About this task: Would you transcribe the entries below, beginning at the line with "這里,山幢壁直立,其間僅容二" and ending after the line with "10日下午考察團(tuán)", exactly, with no picture and nothing more?

Supplied information:
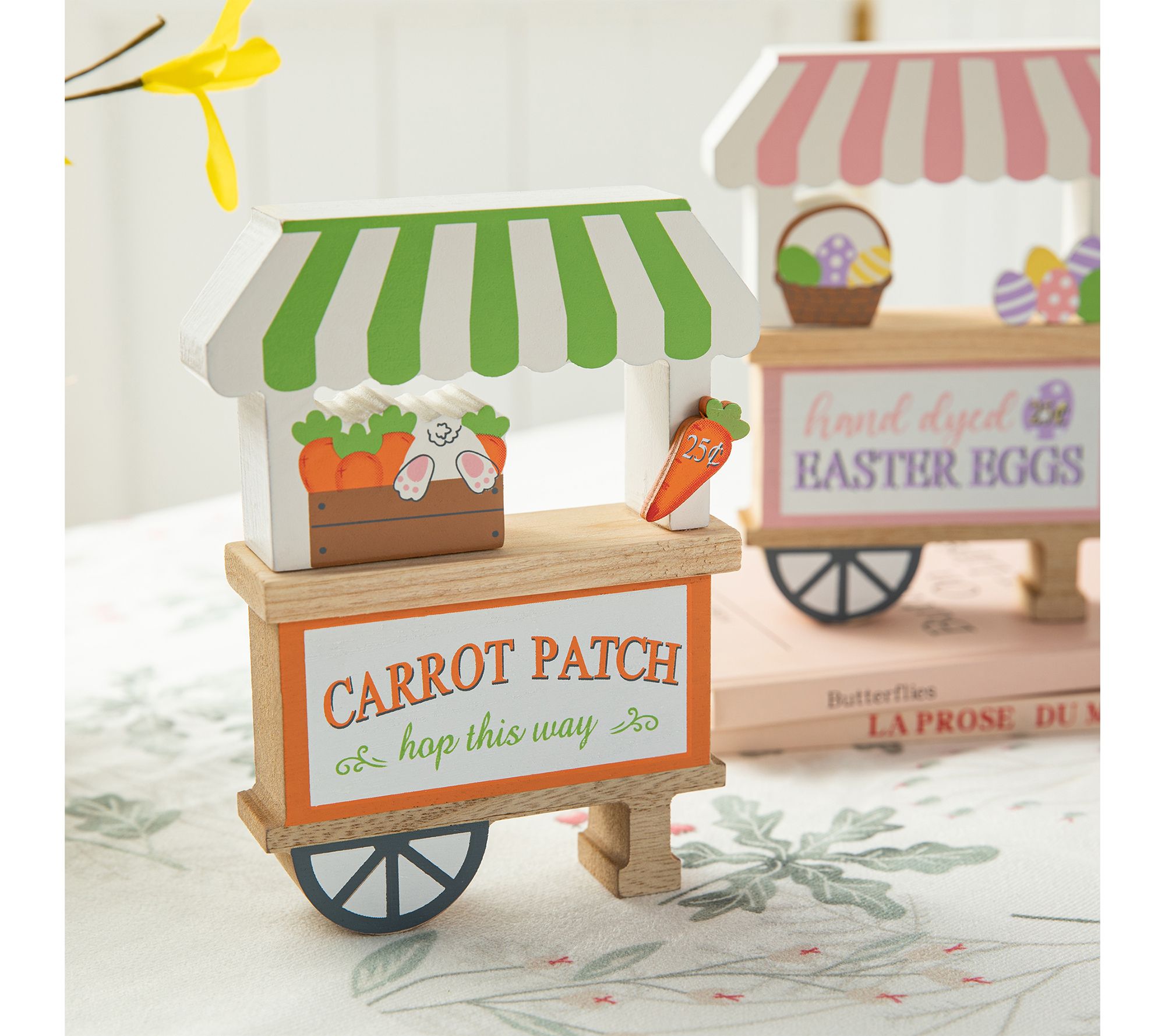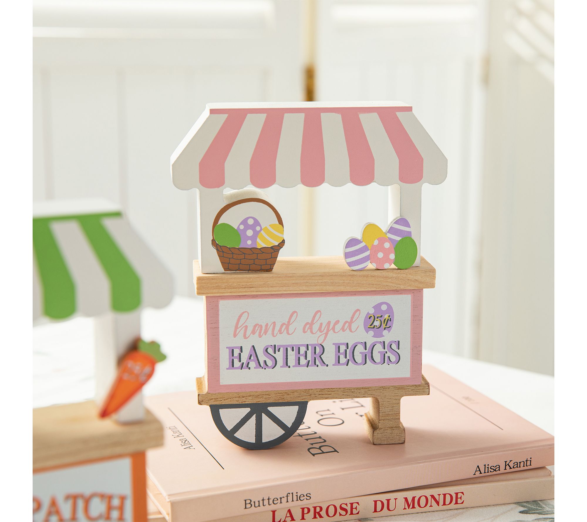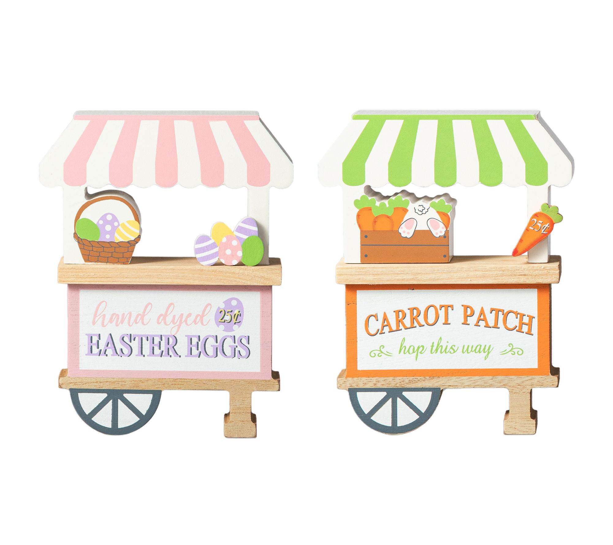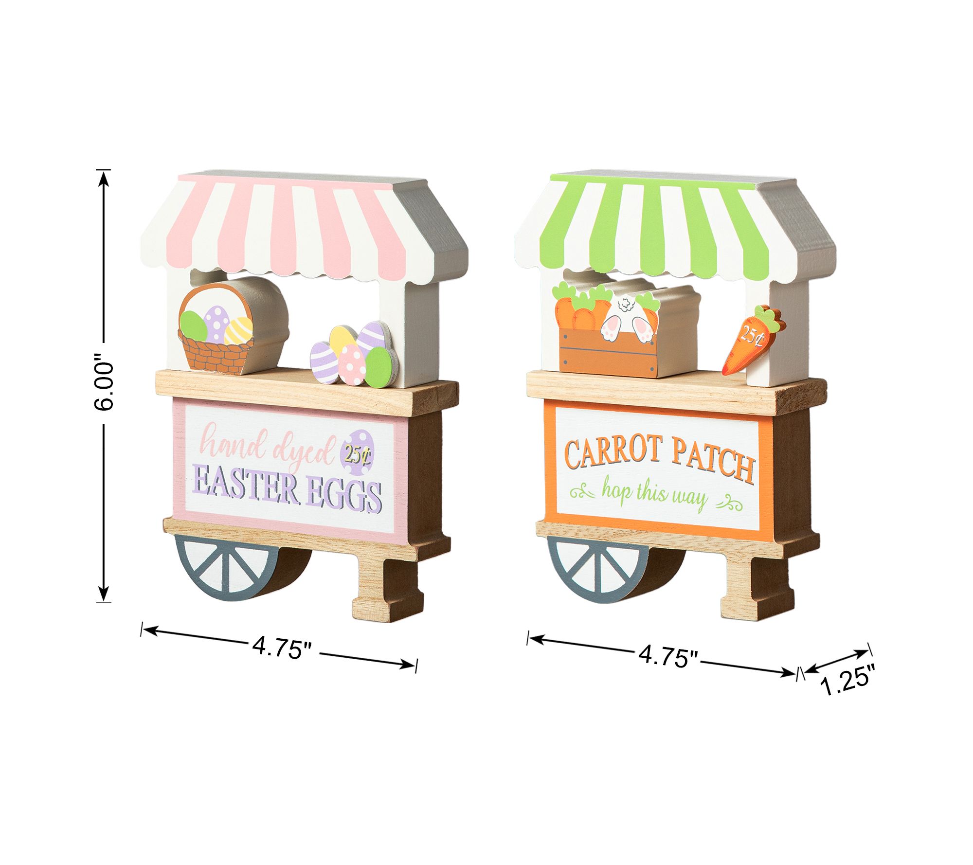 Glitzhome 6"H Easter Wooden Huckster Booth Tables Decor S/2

* * *

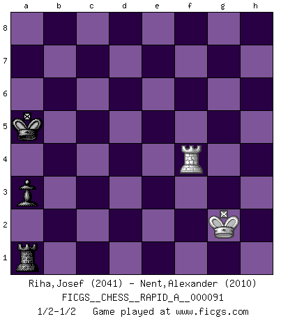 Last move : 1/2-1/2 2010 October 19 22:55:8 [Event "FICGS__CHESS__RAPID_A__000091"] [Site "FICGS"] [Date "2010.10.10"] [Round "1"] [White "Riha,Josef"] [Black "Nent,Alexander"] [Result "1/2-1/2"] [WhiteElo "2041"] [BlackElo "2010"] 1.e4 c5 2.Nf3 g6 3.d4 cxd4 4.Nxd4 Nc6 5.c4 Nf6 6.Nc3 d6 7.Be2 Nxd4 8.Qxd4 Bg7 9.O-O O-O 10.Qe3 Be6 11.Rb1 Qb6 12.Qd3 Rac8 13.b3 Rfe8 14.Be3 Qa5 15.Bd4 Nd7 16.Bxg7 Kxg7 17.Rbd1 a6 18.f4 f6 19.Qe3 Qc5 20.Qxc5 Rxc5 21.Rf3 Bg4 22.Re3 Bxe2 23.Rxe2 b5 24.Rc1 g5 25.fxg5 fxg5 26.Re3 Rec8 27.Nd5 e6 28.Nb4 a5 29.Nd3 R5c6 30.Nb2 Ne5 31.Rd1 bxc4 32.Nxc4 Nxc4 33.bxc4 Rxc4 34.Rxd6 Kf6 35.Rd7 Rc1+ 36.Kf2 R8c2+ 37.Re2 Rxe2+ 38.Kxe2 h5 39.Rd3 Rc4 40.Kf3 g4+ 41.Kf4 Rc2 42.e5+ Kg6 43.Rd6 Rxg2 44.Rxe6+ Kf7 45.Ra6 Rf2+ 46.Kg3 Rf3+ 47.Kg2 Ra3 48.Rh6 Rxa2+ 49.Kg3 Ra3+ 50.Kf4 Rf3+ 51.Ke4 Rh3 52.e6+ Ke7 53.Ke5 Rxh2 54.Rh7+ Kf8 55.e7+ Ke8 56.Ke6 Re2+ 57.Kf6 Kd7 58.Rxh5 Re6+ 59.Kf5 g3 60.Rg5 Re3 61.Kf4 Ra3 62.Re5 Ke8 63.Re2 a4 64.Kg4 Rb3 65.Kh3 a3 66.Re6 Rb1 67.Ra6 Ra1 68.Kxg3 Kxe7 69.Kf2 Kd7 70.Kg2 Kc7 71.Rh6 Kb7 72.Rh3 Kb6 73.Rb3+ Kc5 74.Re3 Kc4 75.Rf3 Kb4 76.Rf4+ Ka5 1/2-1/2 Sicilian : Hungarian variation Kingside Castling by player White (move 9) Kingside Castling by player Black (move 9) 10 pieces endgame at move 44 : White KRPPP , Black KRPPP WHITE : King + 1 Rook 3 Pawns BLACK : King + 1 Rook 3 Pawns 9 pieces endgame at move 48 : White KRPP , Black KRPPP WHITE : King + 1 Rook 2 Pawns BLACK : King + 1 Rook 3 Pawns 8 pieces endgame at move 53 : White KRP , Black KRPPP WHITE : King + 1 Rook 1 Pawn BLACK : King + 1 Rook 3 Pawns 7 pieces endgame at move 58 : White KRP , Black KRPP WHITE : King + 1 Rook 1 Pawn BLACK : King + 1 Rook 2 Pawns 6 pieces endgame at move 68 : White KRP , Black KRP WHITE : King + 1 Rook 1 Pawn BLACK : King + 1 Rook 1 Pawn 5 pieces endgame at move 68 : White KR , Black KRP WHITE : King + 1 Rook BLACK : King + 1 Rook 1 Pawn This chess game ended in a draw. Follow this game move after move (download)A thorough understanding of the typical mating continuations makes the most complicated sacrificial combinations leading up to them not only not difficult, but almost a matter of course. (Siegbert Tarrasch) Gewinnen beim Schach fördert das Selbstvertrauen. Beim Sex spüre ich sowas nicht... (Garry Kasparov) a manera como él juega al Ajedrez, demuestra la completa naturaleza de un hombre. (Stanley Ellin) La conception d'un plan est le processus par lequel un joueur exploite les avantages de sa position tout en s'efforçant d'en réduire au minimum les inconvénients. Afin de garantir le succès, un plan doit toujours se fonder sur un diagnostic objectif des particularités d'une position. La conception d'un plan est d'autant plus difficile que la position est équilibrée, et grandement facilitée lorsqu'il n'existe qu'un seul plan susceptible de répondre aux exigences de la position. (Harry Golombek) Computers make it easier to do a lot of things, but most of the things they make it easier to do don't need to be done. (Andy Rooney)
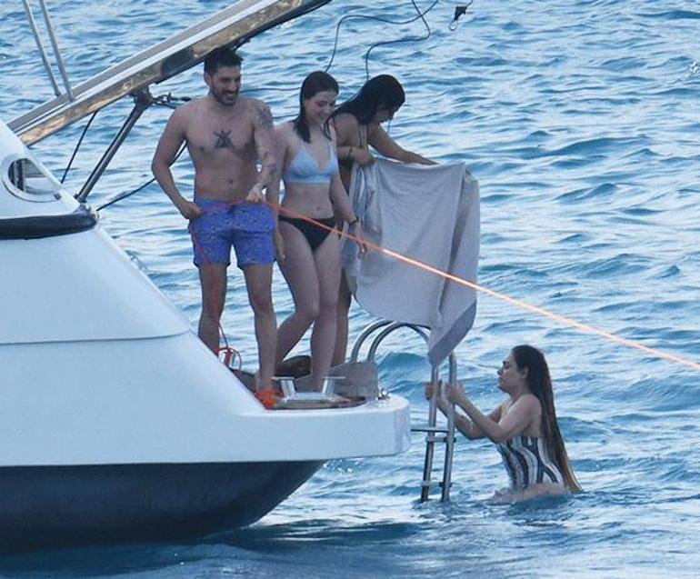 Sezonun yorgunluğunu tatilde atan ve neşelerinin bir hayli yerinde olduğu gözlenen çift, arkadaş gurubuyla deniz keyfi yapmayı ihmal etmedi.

==

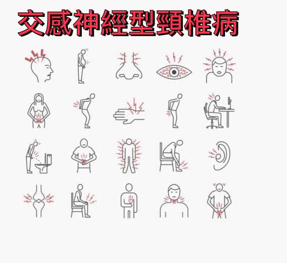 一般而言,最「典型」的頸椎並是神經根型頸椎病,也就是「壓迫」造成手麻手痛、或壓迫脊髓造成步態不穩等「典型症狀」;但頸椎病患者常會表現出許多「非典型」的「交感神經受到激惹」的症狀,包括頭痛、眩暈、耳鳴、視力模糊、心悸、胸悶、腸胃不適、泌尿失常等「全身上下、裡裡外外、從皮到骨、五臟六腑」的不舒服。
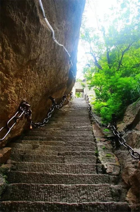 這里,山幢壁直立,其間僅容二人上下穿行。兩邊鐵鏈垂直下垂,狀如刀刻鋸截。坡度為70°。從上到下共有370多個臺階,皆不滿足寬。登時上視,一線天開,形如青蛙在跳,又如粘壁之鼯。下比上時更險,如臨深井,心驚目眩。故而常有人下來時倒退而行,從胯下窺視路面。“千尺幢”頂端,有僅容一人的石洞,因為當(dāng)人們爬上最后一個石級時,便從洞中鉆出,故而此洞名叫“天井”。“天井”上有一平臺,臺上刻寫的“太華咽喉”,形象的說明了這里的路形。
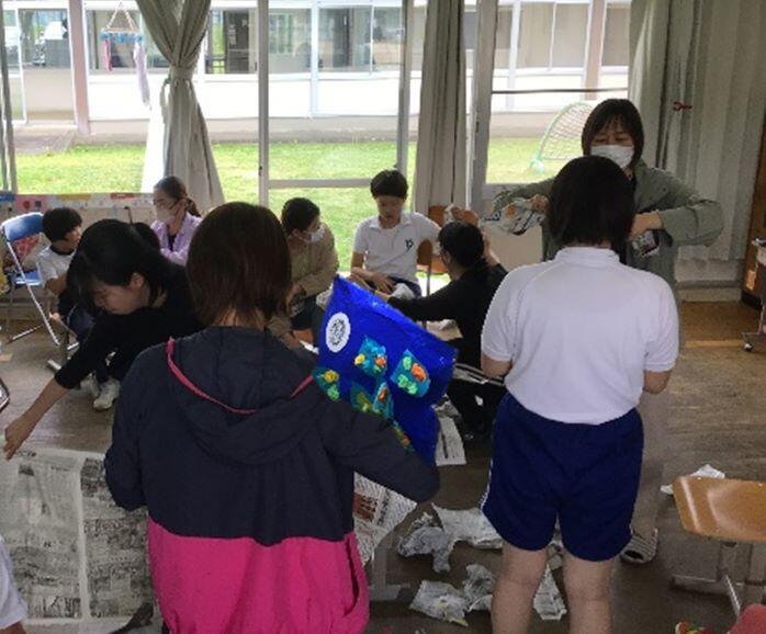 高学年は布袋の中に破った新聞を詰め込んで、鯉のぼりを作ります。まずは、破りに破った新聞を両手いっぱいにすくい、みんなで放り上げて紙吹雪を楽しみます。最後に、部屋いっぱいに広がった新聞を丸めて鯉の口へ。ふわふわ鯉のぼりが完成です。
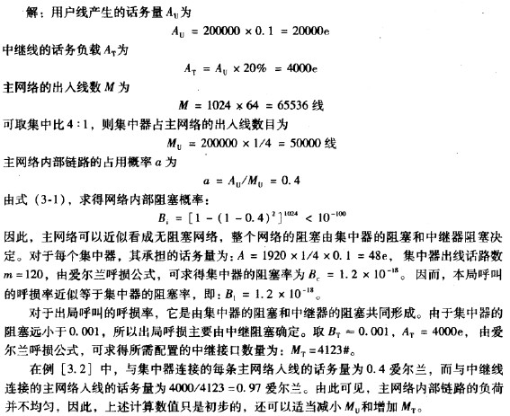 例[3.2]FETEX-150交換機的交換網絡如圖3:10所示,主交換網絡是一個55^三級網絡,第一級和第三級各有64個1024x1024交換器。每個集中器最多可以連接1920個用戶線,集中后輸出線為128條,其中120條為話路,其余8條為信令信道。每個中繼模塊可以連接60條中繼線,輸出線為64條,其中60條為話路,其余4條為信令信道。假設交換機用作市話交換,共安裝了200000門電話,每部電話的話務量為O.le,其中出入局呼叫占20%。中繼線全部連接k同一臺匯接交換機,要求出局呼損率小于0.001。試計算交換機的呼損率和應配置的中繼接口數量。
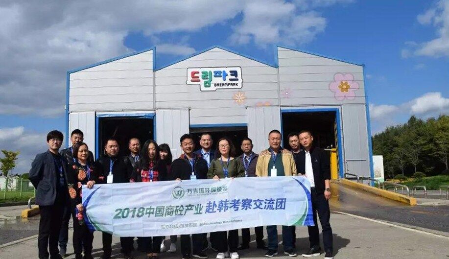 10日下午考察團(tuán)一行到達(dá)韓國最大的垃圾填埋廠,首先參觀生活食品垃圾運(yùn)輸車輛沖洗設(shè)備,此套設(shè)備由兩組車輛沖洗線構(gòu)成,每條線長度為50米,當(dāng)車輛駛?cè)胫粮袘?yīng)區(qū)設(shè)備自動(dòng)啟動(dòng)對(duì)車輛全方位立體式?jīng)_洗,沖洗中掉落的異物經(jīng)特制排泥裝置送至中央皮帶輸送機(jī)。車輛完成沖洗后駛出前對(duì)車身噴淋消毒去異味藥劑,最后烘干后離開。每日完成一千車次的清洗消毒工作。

Answer to this exercise:
 這里,山幢壁直立,其間僅容二人上下穿行。兩邊鐵鏈垂直下垂,狀如刀刻鋸截。坡度為70°。從上到下共有370多個臺階,皆不滿足寬。登時上視,一線天開,形如青蛙在跳,又如粘壁之鼯。下比上時更險,如臨深井,心驚目眩。故而常有人下來時倒退而行,從胯下窺視路面。“千尺幢”頂端,有僅容一人的石洞,因為當(dāng)人們爬上最后一個石級時,便從洞中鉆出,故而此洞名叫“天井”。“天井”上有一平臺,臺上刻寫的“太華咽喉”,形象的說明了這里的路形。
 高学年は布袋の中に破った新聞を詰め込んで、鯉のぼりを作ります。まずは、破りに破った新聞を両手いっぱいにすくい、みんなで放り上げて紙吹雪を楽しみます。最後に、部屋いっぱいに広がった新聞を丸めて鯉の口へ。ふわふわ鯉のぼりが完成です。
 例[3.2]FETEX-150交換機的交換網絡如圖3:10所示,主交換網絡是一個55^三級網絡,第一級和第三級各有64個1024x1024交換器。每個集中器最多可以連接1920個用戶線,集中后輸出線為128條,其中120條為話路,其余8條為信令信道。每個中繼模塊可以連接60條中繼線,輸出線為64條,其中60條為話路,其余4條為信令信道。假設交換機用作市話交換,共安裝了200000門電話,每部電話的話務量為O.le,其中出入局呼叫占20%。中繼線全部連接k同一臺匯接交換機,要求出局呼損率小于0.001。試計算交換機的呼損率和應配置的中繼接口數量。
 10日下午考察團(tuán)一行到達(dá)韓國最大的垃圾填埋廠,首先參觀生活食品垃圾運(yùn)輸車輛沖洗設(shè)備,此套設(shè)備由兩組車輛沖洗線構(gòu)成,每條線長度為50米,當(dāng)車輛駛?cè)胫粮袘?yīng)區(qū)設(shè)備自動(dòng)啟動(dòng)對(duì)車輛全方位立體式?jīng)_洗,沖洗中掉落的異物經(jīng)特制排泥裝置送至中央皮帶輸送機(jī)。車輛完成沖洗后駛出前對(duì)車身噴淋消毒去異味藥劑,最后烘干后離開。每日完成一千車次的清洗消毒工作。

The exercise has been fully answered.